I decided to eventually get one. I usually like a bow in the 53-55# (mostly heavy riser Black Widows). I figured I would want this Bear in the 50# range so the thump would not get too bad and the lighter draw weight will be nice as I get older.

Last week I found a brand new 50# bow on line. Most dealers were out of stock of the 50 pounders so I felt lucky to find this bow. 

It showed up yesterday evening. All I can say is I am NOT disappointed. The fit and finish is a perfect as it can be. The leather grip looks and feels very retro, and the bow shoots my Goldtip 3555's well. I only shot about 8 yards in my basement but it grouped right away and behaved nicely at the shot. I have a 1958 Kodiak also and when I shoot this new 59 it is reminiscent of that bow, just a bit better in my opinion. 

So, if Bear needed yet another happy customer they got one. I know a purist may find some deviation from the classic but I like being able to shoot FF string. I like not regularly shooting a 55 year old bow, and I like the look and feel of this bow. It is close enough to the original for me. I am very glad Bear listened to the Trad guys on sites like this who said there was a market.

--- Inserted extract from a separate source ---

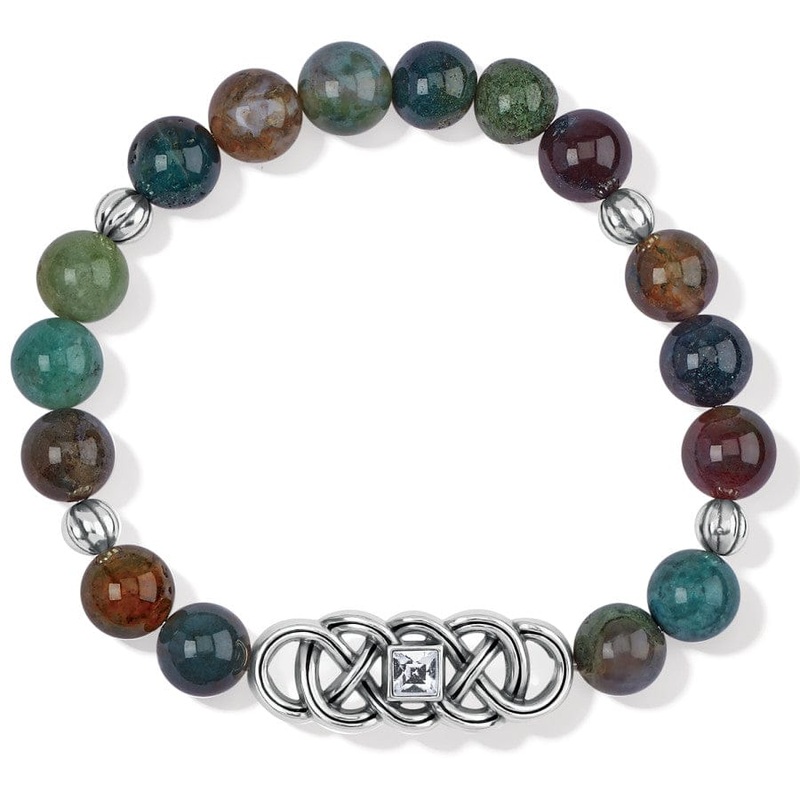 This semi-precious beaded jasper stretch bracelet features the Celtic knot motif symbolizing everlasting love and friendship capped with a hand-set fine quality crystal. Because we have used natural materials, each stone is truly one of a kind and may have

I bet Fred Bear would be very pleased with this reproduction.

Just wanted to share with my internet pals!

Bill


----------



## centershot (Sep 13, 2002)

Those are good looking bows - hope you enjoy it.


----------



## Easykeeper (Jan 2, 2003)

I have yet to read anything negative about that bow. Congratulations on owning what is probably the quintessential "50s style" recurve. 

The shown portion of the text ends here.